On 25 January 1858, the National Assembly elected General Miguel Santín del Castillo as the next president of El Salvador. Campo left office on 1 February and was succeeded by Senator Lorenzo Zepeda, one of Campo's allies, in an acting capacity until Santín assumed office on 7 February. During Campo's presidency, he ordered the creation of a topographic map of El Salvador. This map was completed by German engineer Maximilian von Sonnestern during Santín's presidency in 1858 and published in New York City.

== Post-presidency ==

Campo returned to Sonsonate and briefly retired from politics after he left the presidency. He was an elector in the Sonsonate municipal election in 1862. Campo opposed Barrios after he became President of El Salvador in 1859. Barrios accused Campo of treason and supporting conservative Guatemalan president Rafael Carrera leading to Campo fleeing for exile in Guatemala. There, Campo supported Dueñas as the leading opposition figure to Barrios. Campo signed the Act of Santa Ana on 10 July 1863 that recognized Dueñas as the provisional president of El Salvador. Dueñas named Campo as Minister of External Relations on 8 September, but Campo declined the appointment. Salvadoran rebels deposed Barrios on 26 October and installed Dueñas as president. Campo was appointed as the first presidential designate (third in the presidential line of succession).

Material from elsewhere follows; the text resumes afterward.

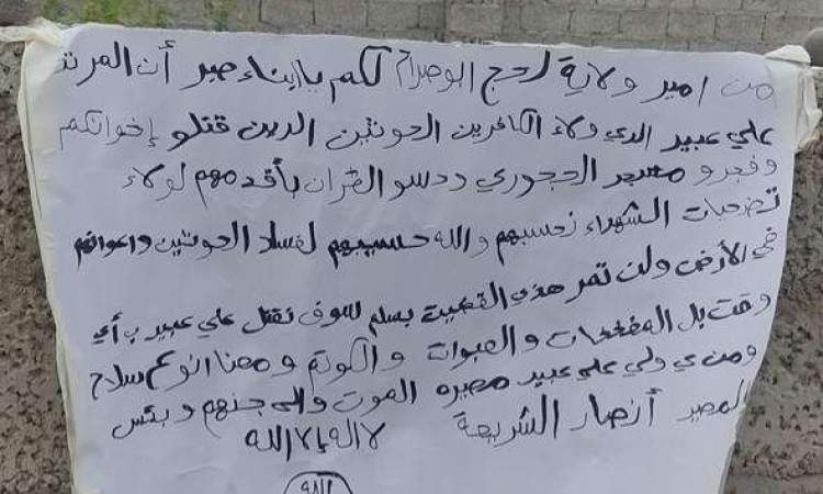 ووزع فرع التنظيم في المحافظة بيان لأمير الولاية يتوعد فيه الشيخ علي عبيد العزيبي ، ابرز مشايخ مديرية صبر، بالمفخخات والكواتم والعبوات الناسفة ..كما يهدد انصار العزيبي، ويتهم التنظيم العزيبي بمولاة من وصفهم بـ”الحوثيين” .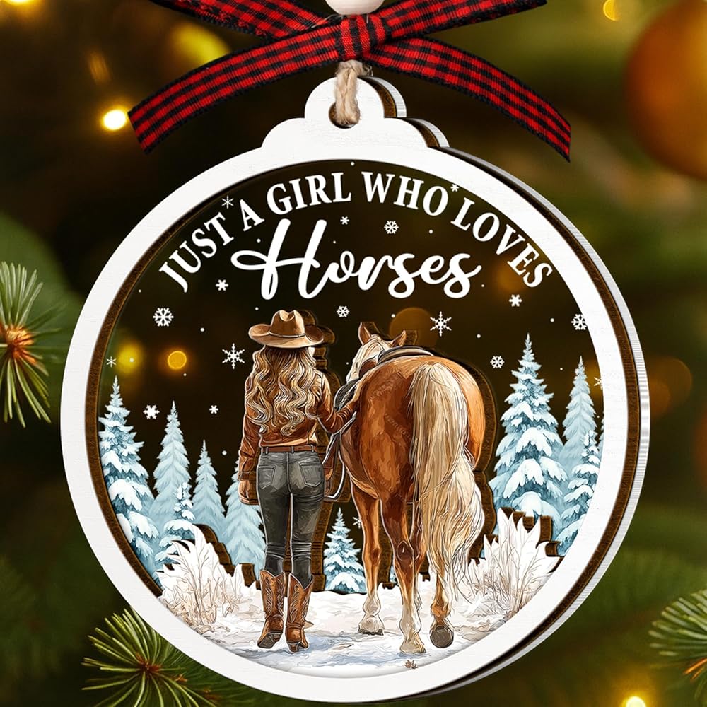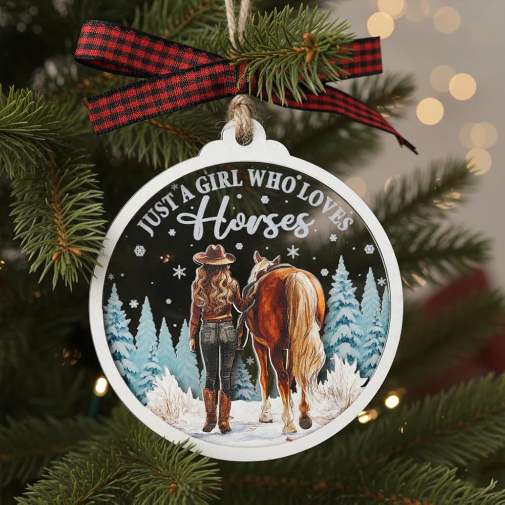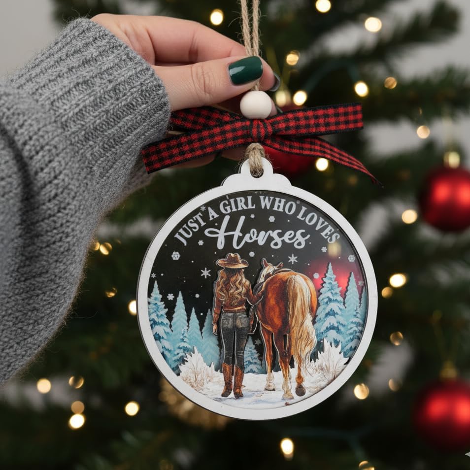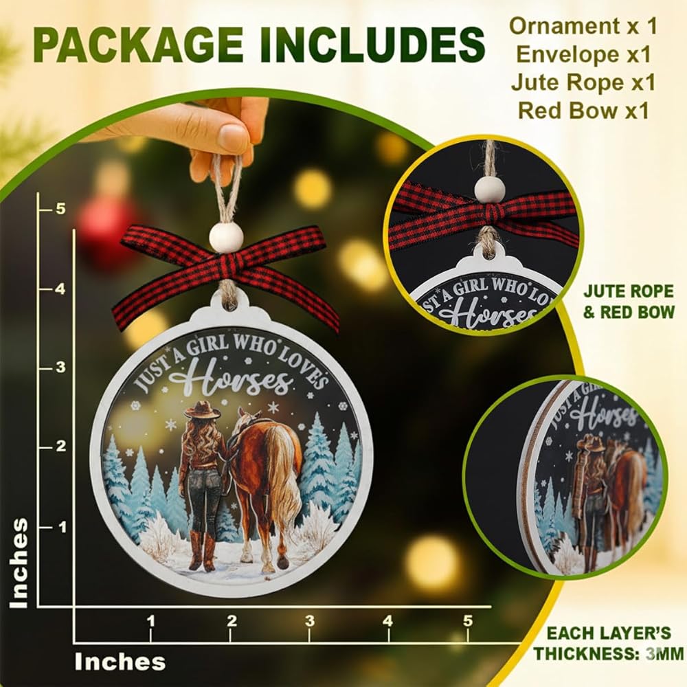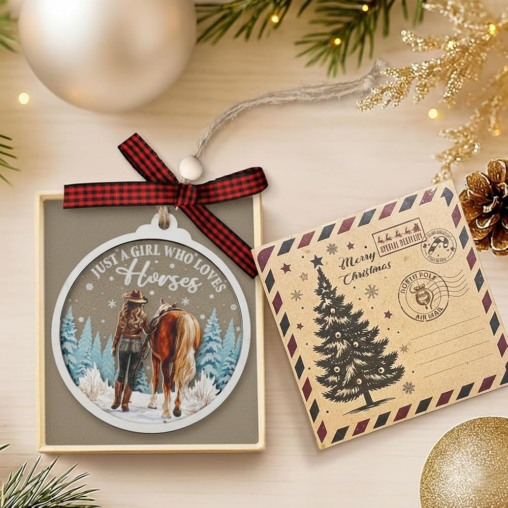 زينة الحصان لشجرة عيد الميلاد، زخرفة الألومنيوم لشجرة عيد الميلاد للحصان (ليست ثلاثية الأبعاد)، زينة عيد الميلاد في المزرعة 2023 لمحبي الخيول، والفروسية، وراكب الخيل، والمزارع

Campo helped organize municipal elections in Sonsonate in 1864 and 1865. He was also a presidential candidate in the 1864 presidential election but won no more than 20 votes, all from Sonsonate Department. In 1866, Campo visited Spain and met Queen Isabella II at his cousin's palace, the Marquess of Campo. He also traveled to France, Switzerland, Italy, and the Papal States where he met Pope Pius XI. He returned to El Salvador in 1868. He helped organize two more Sonsonate municipal elections in 1868 and 1869. Campo became critical of Dueñas' government and left El Salvador for exile in Chinandega, Nicaragua in 1870. There, he established the La Trompeta newspaper that criticized Dueñas' government. Campo returned to El Salvador in 1871 after Dueñas was overthrown by Marshal Santiago González.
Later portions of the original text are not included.